Problem 478
Mixtures
Let us consider mixtures of three substances: A, B and C. A mixture can be described by a ratio of the amounts of A, B, and C in it, i.e., (a : b : c). For example, a mixture described by the ratio (2 : 3 : 5) contains 20% A, 30% B and 50% C.
For the purposes of this problem, we cannot separate the individual components from a mixture. However, we can combine different amounts of different mixtures to form mixtures with new ratios.
For example, say we have three mixtures with ratios (3 : 0 : 2), (3 : 6 : 11) and (3 : 3 : 4). By mixing 10 units of the first, 20 units of the second and 30 units of the third, we get a new mixture with ratio (6 : 5 : 9), since:
(10·3/5 + 20·3/20 + 30·3/10 : 10·0/5 + 20·6/20 + 30·3/10 : 10·2/5 + 20·11/20 + 30·4/10) = (18 : 15 : 27) = (6 : 5 : 9)
However, with the same three mixtures, it is impossible to form the ratio (3 : 2 : 1), since the amount of B is always less than the amount of C.
Let n be a positive integer. Suppose that for every triple of integers (a, b, c) with 0 ≤ a, b, c ≤ n and gcd(a, b, c) = 1, we have a mixture with ratio (a : b : c). Let M(n) be the set of all such mixtures.
For example, M(2) contains the 19 mixtures with the following ratios:
{(0 : 0 : 1), (0 : 1 : 0), (0 : 1 : 1), (0 : 1 : 2), (0 : 2 : 1),
(1 : 0 : 0), (1 : 0 : 1), (1 : 0 : 2), (1 : 1 : 0), (1 : 1 : 1),
(1 : 1 : 2), (1 : 2 : 0), (1 : 2 : 1), (1 : 2 : 2), (2 : 0 : 1),
(2 : 1 : 0), (2 : 1 : 1), (2 : 1 : 2), (2 : 2 : 1)}.

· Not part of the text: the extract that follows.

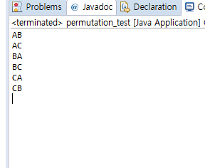 반장 부반장 A B A C B A B C C A C B public class permutation_test { // 반장과 부반장을뽑는 프로그램 // 선택하고자 하는 대상 집합. static String[] member = new String[] { "A", "B", "C" }; static boolean[] visited = new boolean[3]; //뽑았는지 안뽑았는지 확인하는 boolean static String [] answer =new String[2]; public static void main(String[] args) { permutation(0); } // 순열 cnt 는 현재 몇명을 뽑았는지를 뜻한다 private static void permutation(int cnt) { // 2명 즉 반장과 부반장이 모두 뽑혔으니까 배열을 출력하고 return if (cnt == 2) { for(int i=0;i<2;i++) { System.out.print(answer[i]); } System.out.println(); return; } // 대상 집합을 순회하며 문자를 하나 선택한다. for (int i = 0; i < 3; i++) { // 이미 answer 에 뽑혀있을경우에는 continue; if (visited[i]) { continue; } // 선택하지 않은경우, 선택했다는 표시를 해준다. visited[i] = true; //뽑은경우 answer[cnt]=member[i]; // answer 에 값을 추가 permutation(cnt + 1); // 한명을 뽑은것임으로 cnt +1 을해주고 재귀호출 // 선택을 해제한다. visited[i] = false; // 안뽑은경우 } } }
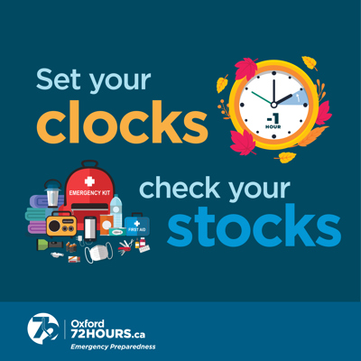 Oxford County is reminding you to “Set Your Clocks, Check your Stocks” this weekend! Time change is an ideal moment to ensure your emergency supply kit is ready at a moment’s notice.

Let E(n) be the number of subsets of M(n) which can produce the mixture with ratio (1 : 1 : 1), i.e., the mixture with equal parts A, B and C.
We can verify that E(1) = 103, E(2) = 520447, E(10) mod 118 = 82608406 and E(500) mod 118 = 13801403.

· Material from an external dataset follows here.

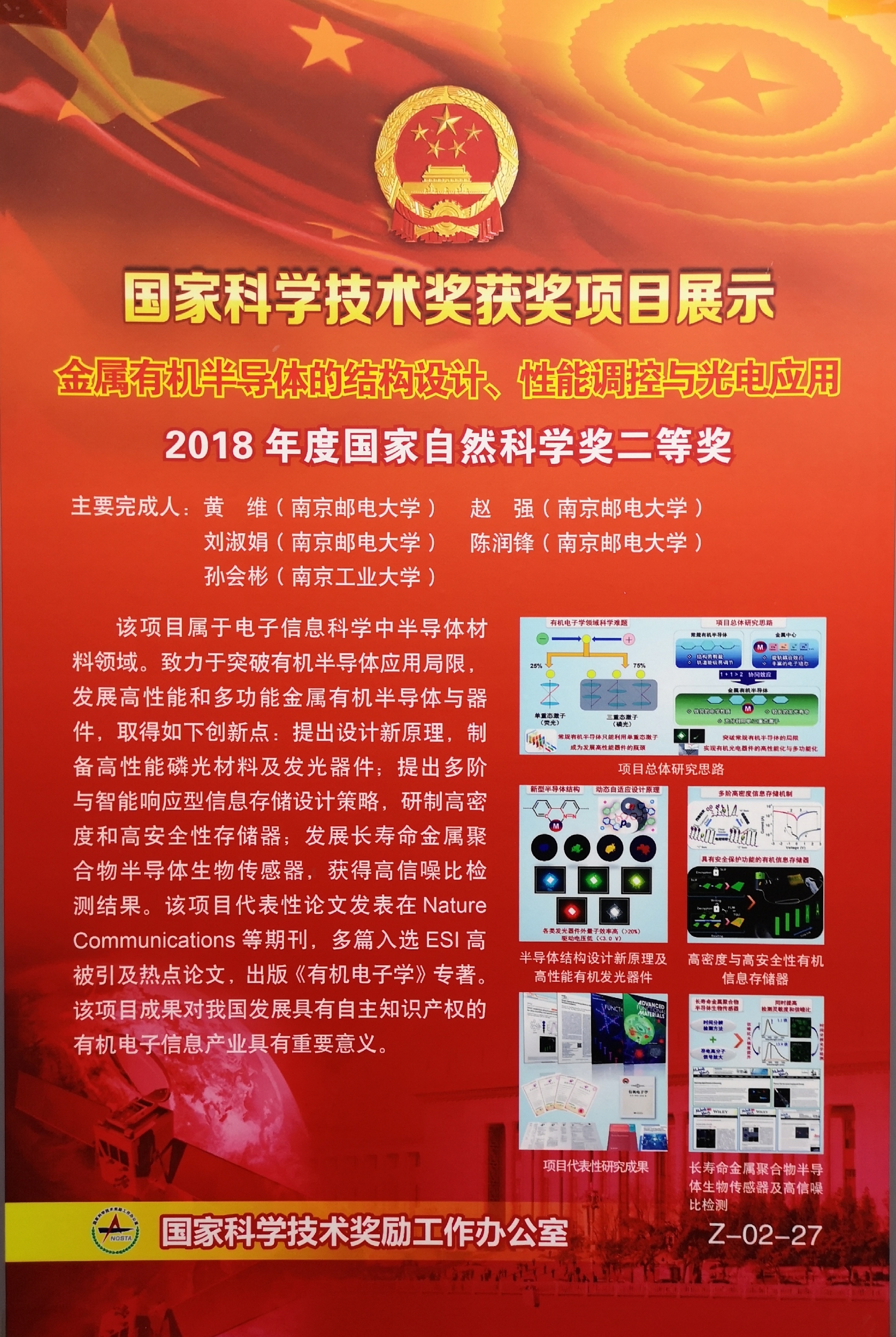 该获奖项目属于电子信息科学中半导体材料领域,致力于突破有机半导体应用局限,发展高性能和多功能金属有机半导体与器件,取得如下创新点:提出半导体结构设计新原理,制备高性能磷光材料及发光器件;提出多阶与智能响应型信息存储设计新策略,研制高密度和高安全性存储器;发展长寿命金属聚合物半导体生物传感器,获得高信噪比检测结果。该项目8篇代表性论文发表在Nat. Commun.、Adv. Mater.、Angew. Chem. Int. Ed.等国际权威期刊上,受到国内外同行专家的广泛关注,多篇入选ESI高被引及热点论文。出版专著《有机电子学》(科学出版社),参编英文专著2部。主要成果曾获2016年度教育部自然科学奖一等奖和2010年度江苏省科学技术奖一等奖。该项目成果对我国发展具有自主知识产权的有机电子信息产业具有重要意义。

Find E(10 000 000) mod 118.
混合物
考虑由三种成份A,B和C组成的混合物。每种混合物可以用所含A,B,C三种成份的比例来表示,也就是说(a : b : c)。例如,一种比例是(2 : 3 : 5)的混合物包含有20% A,30% B和50% C。
我们不能从混合物中分理处不同的成分,但是我们可以组合不同数量的不同混合物来组成有新的比例的混合物。
例如,我们现在有三种比例分别是(3 : 0 : 2),(3 : 6 : 11)和(3 : 3 : 4)的混合物。将10单位的第一种混合物,20单位的第二种混合物和30单位第三种混合物,我们得到一种新的混合物,比例是(6 : 5 : 9),因为:
(10·3/5 + 20·3/20 + 30·3/10 : 10·0/5 + 20·6/20 + 30·3/10 : 10·2/5 + 20·11/20 + 30·4/10) = (18 : 15 : 27) = (6 : 5 : 9)
然而,用同样的三种混合物,永远无法配置出比例为(3 : 2 : 1)的混合物,因为成分B的量永远比成分C要少。
记n是一个正整数。假设对于任意整数a,b,c满足0 ≤ a, b, c ≤ n且gcd(a, b, c) = 1,我们都有一种比例是(a, b, c)的混合物。记M(n)是所有这些混合物的集合。
例如,M(2)包含有下列19种不同比例的混合物:
{(0 : 0 : 1), (0 : 1 : 0), (0 : 1 : 1), (0 : 1 : 2), (0 : 2 : 1),
(1 : 0 : 0), (1 : 0 : 1), (1 : 0 : 2), (1 : 1 : 0), (1 : 1 : 1),
(1 : 1 : 2), (1 : 2 : 0), (1 : 2 : 1), (1 : 2 : 2), (2 : 0 : 1),
(2 : 1 : 0), (2 : 1 : 1), (2 : 1 : 2), (2 : 2 : 1)}.
记E(n)是能够构成混合物比例(1 : 1 : 1)的M(n)的子集数目。
可以验证E(1) = 103,E(2) = 520447,E(10) mod 118 = 82608406,E(500) mod 118 = 13801403。
求E(10 000 000) mod 118。